The Second Test, his first in his home town of Melbourne saw two 50s, but an unhappy result as Australia went 1–0 down after losing by seven wickets. Lawry did not pass fifty again in the series, ending the drawn series with 310 runs at 34.44. Australian crowds became impatient with his dour and defiant style of batting. In the Fifth Test, Lawry had been ordered by captain Richie Benaud to occupy the crease and play out for a draw. He obliged with an unbeaten 45 in four hours on the final day, even though "the crowd booed, barracked and slow-clapped". At one point, he struck two fours in succession, prompting the crowd to yell "lightning does strike twice!" The unbeaten knock was part of barren run of 12 innings in which Lawry passed 20 only twice. The Victorian captain played in five of his state's Shield matches as they won the title and ended New South Wales' nine-year run. He ended the Australian season with 990 runs at 39.60.

===1963-64===
1963–64 saw a tour to Australia by South Africa. Lawry began well with 43 and 87* in a drawn First Test at Brisbane overshadowed by the no-balling of Ian Meckiff. Between Tests, the Victorian skipper continued his strong run with 73 and 130 not against Queensland and 94 against New South Wales. He then made his first century on home soil with 157 at the Melbourne Cricket Ground in the first innings of the Second Test. This helped propel Australia to a 173-run first innings lead and an eventual eight-wicket win that gave them a 1–0 lead. He made another half century in the Third Test in Sydney, scoring 89 in the second innings to help Australia to a safe position after they had ceded a 42-run first innings lead. Lawry then struck an unbeaten 187 for Victoria against the South Africans, but his form tailed away in the remaining two Tests, scoring 77 runs in the last two matches as the tourists won the Fourth Test by ten wickets to square the series. He ended the series with 496 runs at 55.11. The series was highlighted by new ball battles between Lawry and South African pace spearhead Peter Pollock. Pollock attempted to repeatedly bounce Lawry out, but removed Lawry in only three of ten innings. Pollock later nominated Lawry as one of the two hardest openers that he had ever bowled to. The Victorian skipper ended his Sheffield Shield campaign with 119 in a ten-wicket triumph over Western Australia but it was not enough for his team to hold onto their titles. He totalled 1340 runs at 67.00 for the season.

===1964===
1964 saw Lawry return to England, the venue of his first Test series. He started where he left off last time, scoring 50 and 79 against Worcestershire and 106 and 39 not out against Gloucestershire in the first two matches. However, his runs dried up in the three weeks leading up to the Tests, scoring only 119 runs in seven innings.

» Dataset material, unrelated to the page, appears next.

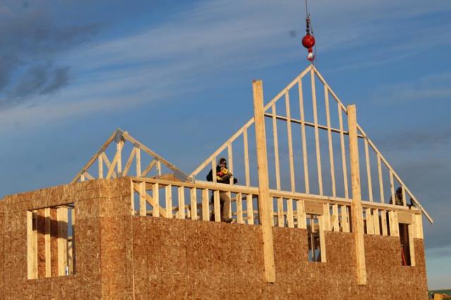 Monday the rafters were lifted onto the house with the help of a crane and the roof began to take shape. With the walls framed, the walls were put up as well.

After failing to pass 20 in the first two Tests, he scored 78 in the first innings of the Third Test at Headingley, in which Australia took a 121-run first innings lead and went on to win by seven wickets to take a 1–0 series lead. With Australia only needing a draw in the Fourth Test at Old Trafford to retain the Ashes, Lawry scored 106, combining in a double century opening stand with Simpson which laid the platform for a total of 8/656 in over two days, as Australia batted England out of the match. The tourists' strategy was simply to bat as long as possible and to prevent any prospect of an English victory. The match only reached the second over of Australia's second innings, leading Wisden to note "a bad taste was left in the mouth of the cricket enthusiasts." Lawry proceeded to make 94 in the Fifth Test at The Oval, helping to secure a 197-run first innings lead and draw the match, retaining the Ashes 1–0. He ended with series with 317 runs at 39.62. Lawry had struggled in the tour matches between the Tests; in 11 innings, he made three 60s and seven scores below 20. After the Tests were over, Lawry was prolific, passing fifty six times in the eight innings of the last four first-class matches. This included centuries in each of the last three matches, 101 not out, 110 and 121 against Kent, AER Gilligan's XI and TN Pearce's XI respectively.

He made five centuries in the first-class matches on the tour.

===1964-65===
Australia made a visit to the Indian subcontinent on the way back home during the 1964–65 season, and the four Tests were the only fixtures scheduled. Lawry batted consistently and defiantly against the Indian spin attack led by Bhagwat Chandrasekhar in three Tests, compiling three half centuries and two 40s without managing to convert any into a century. Five of his six innings yielded between 47 and 68 runs. He ended the series with 284 runs at 56.80 as the series ended 1–1. In the same season Lawry failed to pass fifty in two one-off home and away Tests against Pakistan, aggregating 89 runs at 22.50 in four innings. The one-off Test was the only international match that Australia hosted in 1964–65 season, allowing the Victorian to lead his state in seven of their eight Shield matches. Lawry was in fine form, striking four centuries, including triple-figure scores in both matches against South Australia. He made an unbeaten 143 in the second innings of the states' first meeting, staving off defeat after the Victorians fell 248 runs behind after the first innings. He then scored 246 and 87 not out in the second match to set up a 111-run win. His team was not so successful, winning two and losing one of the seven matches. Lawry ended the Sheffield Shield campaign with 788 runs at 98.50.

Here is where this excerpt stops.